Free Version | |||||||

Full Version |

##### (b)

For each of the video games, complete the table with values accurate to at least 2 decimal places. Do not estimate from a graph!

Free Version | Full Version | |
---|---|---|

\(y\)-intercept | ||

slope of the line | ||

equation that fits the line | ||

\(x\)-intercept |

##### (c)

Graph the equations. Estimate the coordinates of the intersection point. Write the intersection point as an ordered pair \((x, y)\text{.}\)

##### (d)

For what number of boosters will both versions of the game cost the same amount? Solve the problem algebraically and say how you know you are correct.

##### (e)

What is the domain for the Free Version? Explain.

##### (f)

What is the range for the Free Version? Explain.

##### (g)

If you ignore the context, what is the domain for the equation you wrote in Table 3.5.4.3 in Task 3.5.4.3.b? Explain.

##### (h)

If you ignore the context, what is the range for the equation you wrote in Table 3.5.4.3 in Task 3.5.4.3.b? Explain.

#### 4.

Revisit Linear Functions and Fitness Plans.

##### (a)

What is the domain of each fitness plan? How do you know?

##### (b)

What is the domain of each of the functions you found without context?

##### (c)

How are the domains different?

##### (d)

How are they related?

#### 5.

Revisit Linear Functions and Fitness Plans.

##### (a)

What is the range of each fitness plan? How do you know?

##### (b)

What is the range of each of the functions you found without context?

##### (c)

How are the ranges different?

##### (d)

How are they related?

#### 6.

You've studied \(y\)-intercepts throughout Chapter 2 and Chapter 3. In Section 3.5, you were asked to find \(x\)-intercepts without a definition.

##### (a)

What is an \(x\)-intercept?

##### (b)

How can you find an \(x\)-intercept from a graph?

##### (c)

How can you find an \(x\)-intercept in a table?

##### (d)

How can you find an \(x\)-intercept from an equation?

#### 7.

Suppose you owe your parents $2000 for a car they bought you. You're paying it off at a rate of $100 each month.

##### (a)

Write an equation to model this situation.

##### (b)

What does the slope mean in this situation?

##### (c)

What does the \(y\)-intercept mean in this situation?

##### (d)

What does the \(x\)-intercept mean in this situation?

##### (e)

Find the \(x\)-intercept.

#### 8.

Revisit Systems of Equations in Context: Renting Bicycles Solve each problem. Explain!

##### (a)

Based on pricing alone, which bike rental company would you not use? Why?

##### (b)

Which bike rental company will you use if you want to rent bikes for less than 4 hours?

##### (c)

Which bike rental company will you use if you want to rent bikes for more than 4 hours?

##### (d)

How do graphs of the equations help you solve Task 3.5.4.8.b and Task 3.5.4.8.c?

#### 9.

You want to rent a game system and some games to try the system out before you buy it. You check with several companies and find the following information for one-week rentals:

Game Galaxy charges $50 for the game system rental and $5 per game.

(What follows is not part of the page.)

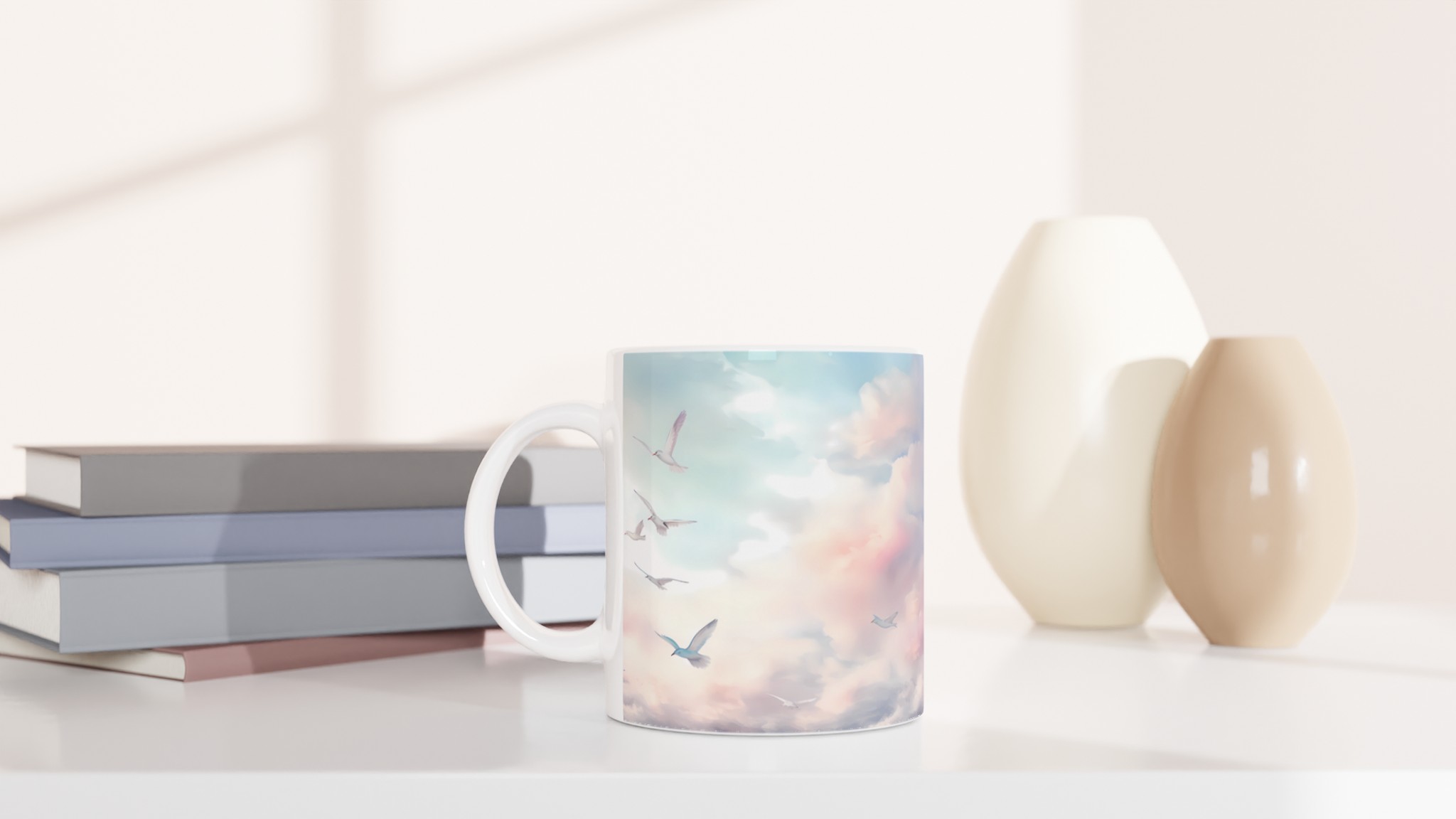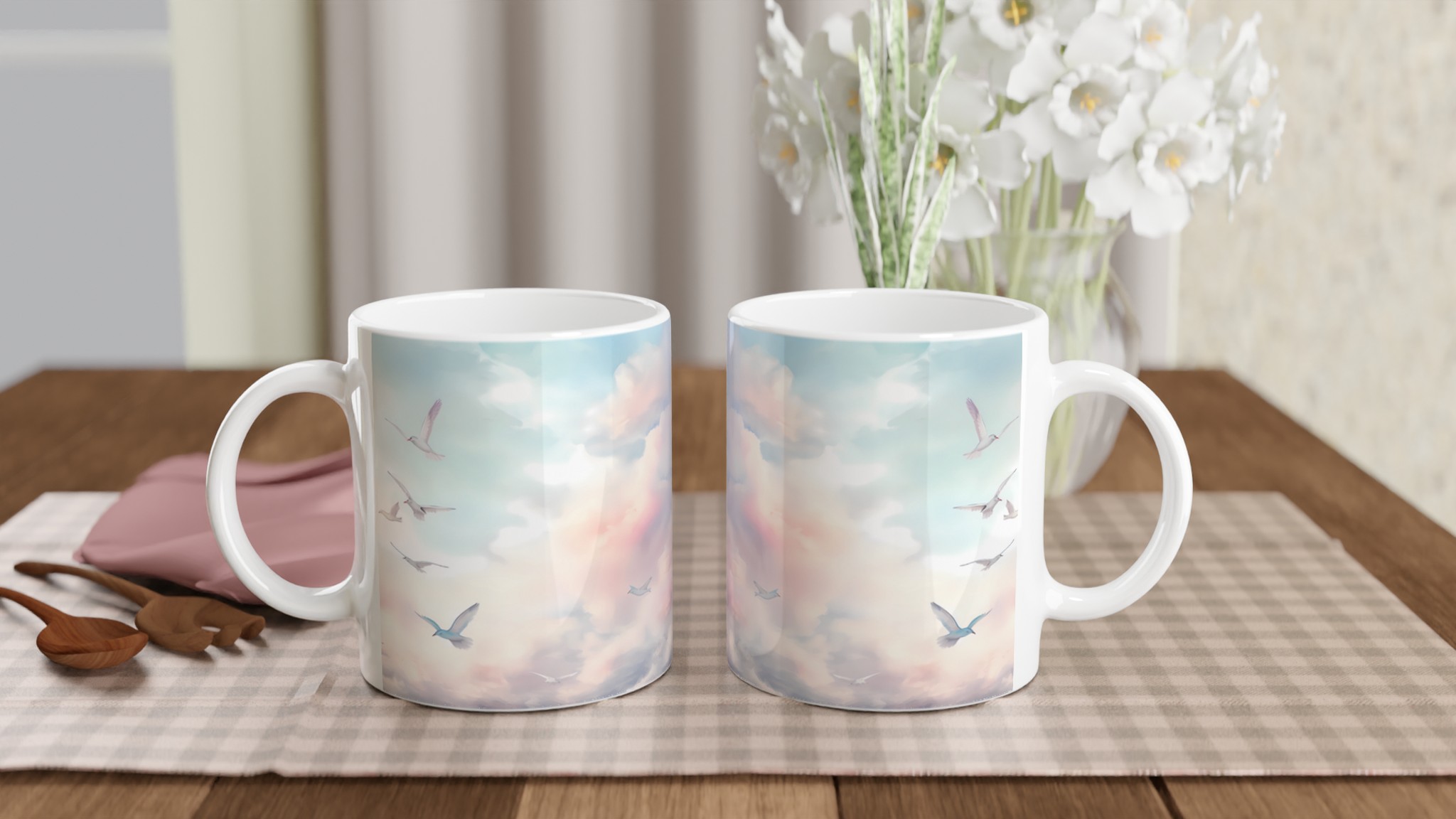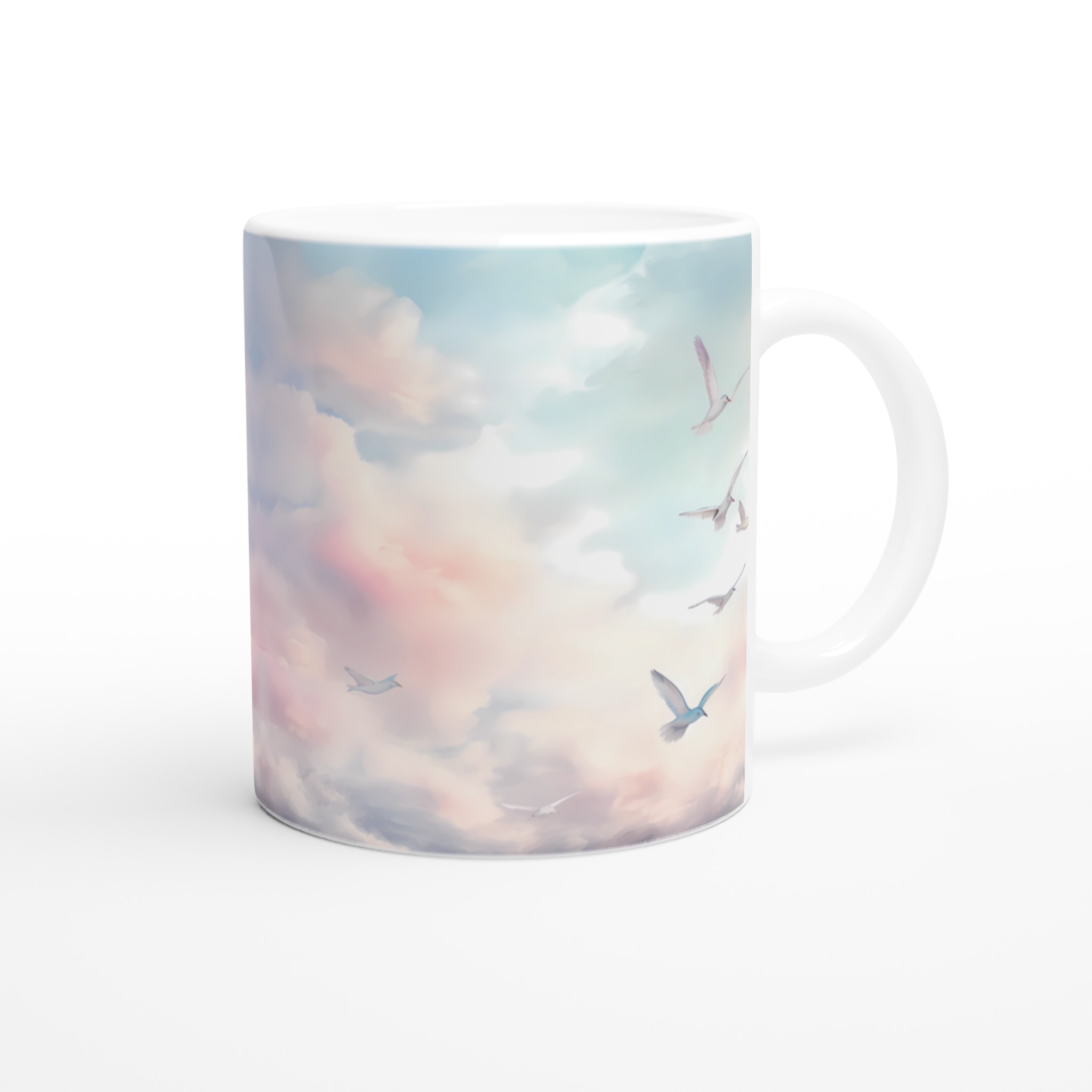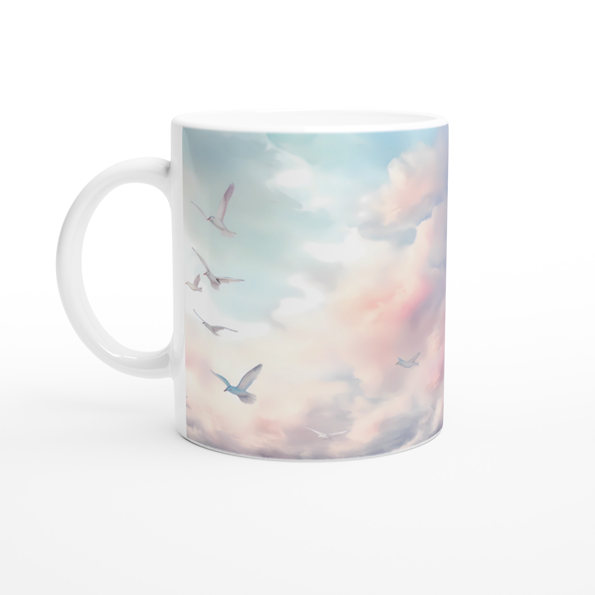 Låt tankarna flyga fritt med denna underbara keramiska mugg, som fångar den lugna skönheten hos duvor som svävar genom pastellfärgade moln. Den drömska designen med toner av mjukt rosa, blått och vitt skapar en känsla av ro och harmoni, perfekt för att starta dagen med en stilla stund eller varva ner på kvällen.

Electronic Emporium charges $25 for the game system rental and $10 per game.

Why Buy? doesn't charge for the game system rental, but charges $15 per game.

##### (a)

Complete Table 3.5.4.4.

Rental Company | Game System Rental Fee |
Rental Per Game | Equation |
---|---|---|---|

Game Galaxy | |||

Electronic Emporium | |||

Why Buy? |

##### (b)

Graph the equations. Estimate where each pair of lines intersects. Write the solutions as ordered pairs in Table 3.5.4.5.

Pair of Companies | Intersection Point |
---|---|

Game Galaxy and Electronic Emporium | |

Game Galaxy and Why Buy? | |

Electronic Emporium and Why Buy? |

##### (c)

Which game system rental company gives the best deal if who want to rent a small number of games (1 or 2 games)? How do you know? Show your work.

##### (d)

Which game system rental company gives the best deal for people who want to rent more than 10 games? How do you know? Show your work.

##### (e)

Do any of the game system rental companies ever charge the same amount for the same number of games rented? (Note: Include the game system rental fee.)

If so, which companies and for what number of games? How much do they charge for this number of games?

##### (f)

Solve the system of equations algebraically for one pair of companies. List the companies. Show your work.